When does the switch from realism happen in this story? (The story world is never really ‘real’, but there is definitely a moment when the reader knows this world is screwy.)

Chang-rae Lee jokes that you always know when a character takes a nap that something will be different when they wake up. Millhauser mentions how time helps with this disorientation – Levinson has a dinner with friends at eight, but next thing we know, he’s back from Miami. We have no idea how much time has elapsed. This forces readers to do a double-take. We assume this happens on a different Saturday, but the story never says so overtly.

Millhauser keeps mentioning specific times: One Saturday afternoon in summer, Ten minutes later, 7:35, 7:55 etc. But the nature of time is that it happens every day. The next scene could be the same Saturday, or it could be a Saturday many years later.

Deborah Treisman asks if this is a Rip Van Winkle story. In Washington Irving’s short story “Rip Van Winkle”, a Dutch-American villager in colonial America meets mysterious Dutchmen, drinks their liquor and falls asleep in the Catskill Mountains. He awakes 20 years later to a very changed world, having missed the American Revolution.

But no, the fantasy time of a Rip Van Winkle story is clearly defined. Levinson in “Coming Soon” is not dreaming in his sleep; he is immersed in the ‘living, continuous dream’ which we all share.

STORY STRUCTURE OF COMING SOON

PARATEXT

I would like Chang-rae Lee and Deborah Treisman to have talked about the meaning of the title, but I’m left wondering, “What, exactly, is coming soon?” I’m left thinking it’s probably death. (Because aren’t all short stories ultimately about death?) Perhaps it’s just ‘overwhelm’ that’s coming for Levinson.

At a surface level, the title comes from this passage:

At the next street, he turned left toward Main. He had a clear view of the new sidewalk café, with its red fabric railing; next door, workmen were replacing brick with stone, under a sign that read “coming soon.” He had a confused sense, as he crossed Main Street, that the stores were no longer the same, that everything had changed again, but surely he was mistaken, an effect of overexcitement in the oppressive afternoon heat.

“Coming Soon”

SHORTCOMING

Cosmic horror says, “The mundane will cloud your view of reality. Pay attention and you’ll see what’s really there.” Like a cosmic horror character, Levinson ‘only belongs in this story’. For instance, Levinson wishes he’d been a civil engineer or a town planner. This is exactly the sort of desire and regret that matches a story about the construction of a town. Apparently Millhauser is a master of creating specific characters for specific settings/stories.

Levinson is a creature of habit, taking the same coffee, and the same route to the coffee shop every day.

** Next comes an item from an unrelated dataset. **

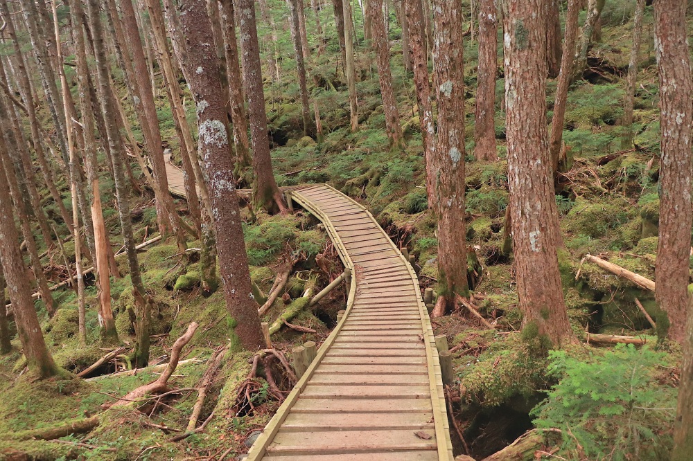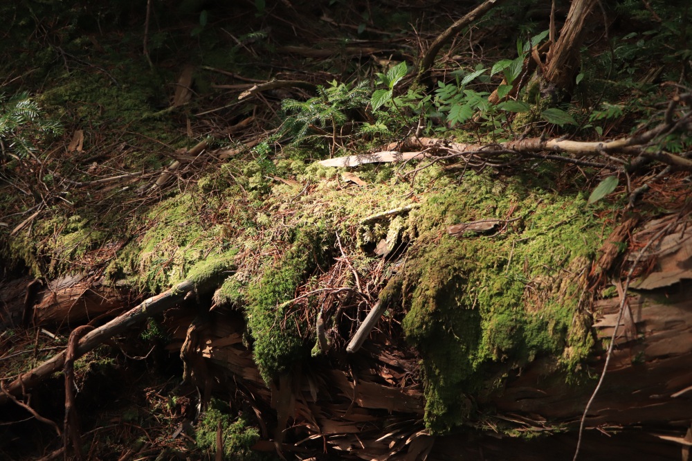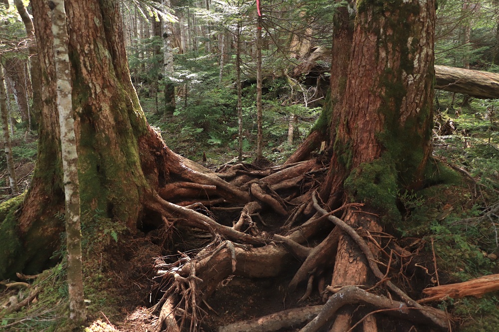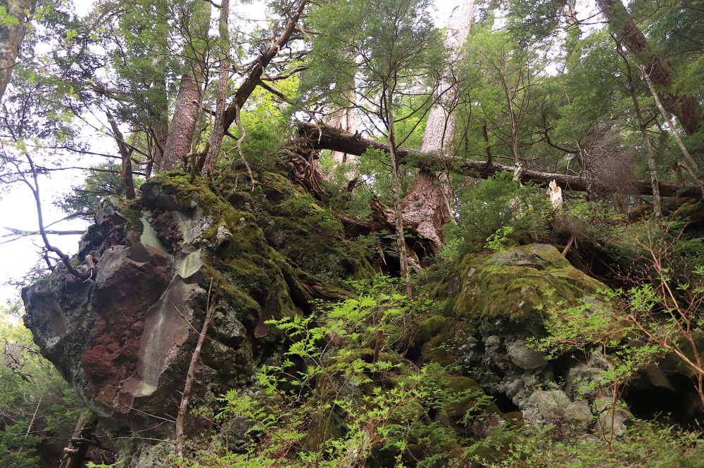 前半は、苔むした手付かずの原生林のなかを進んでいきます。道もなだらかで歩きやすく、ところどころ巨大な岩を掴むように、根を張り巡らせている大樹の姿が印象的です。火山噴火の後に、種が岩の上に落ち、森が育まれたことがよく分かります。

He could be a member of the Dull Men’s Club. This routine life juxtaposes against the massive changes happening all around him. He has to wave at the old lady on her porch. Routine and control of the environment calm him.

he turned onto West Broad and walked to the corner of Maplewood, to see how his construction site was coming along.

“Coming Soon”

For the purposes of this story, routine equals fate. He’s almost robotic, the way he goes about his stroll along Main Street, drinking the same coffee at the same coffee shop, saying hello to the same old lady. Robotic behaviour can be funny, and it can also be horrific. (Horror and comedy genres share much in common. It’s bizarre.)

Levinson doesn’t want to live in a small small town. If the town is too small, it won’t be sufficiently well-managed for this guy.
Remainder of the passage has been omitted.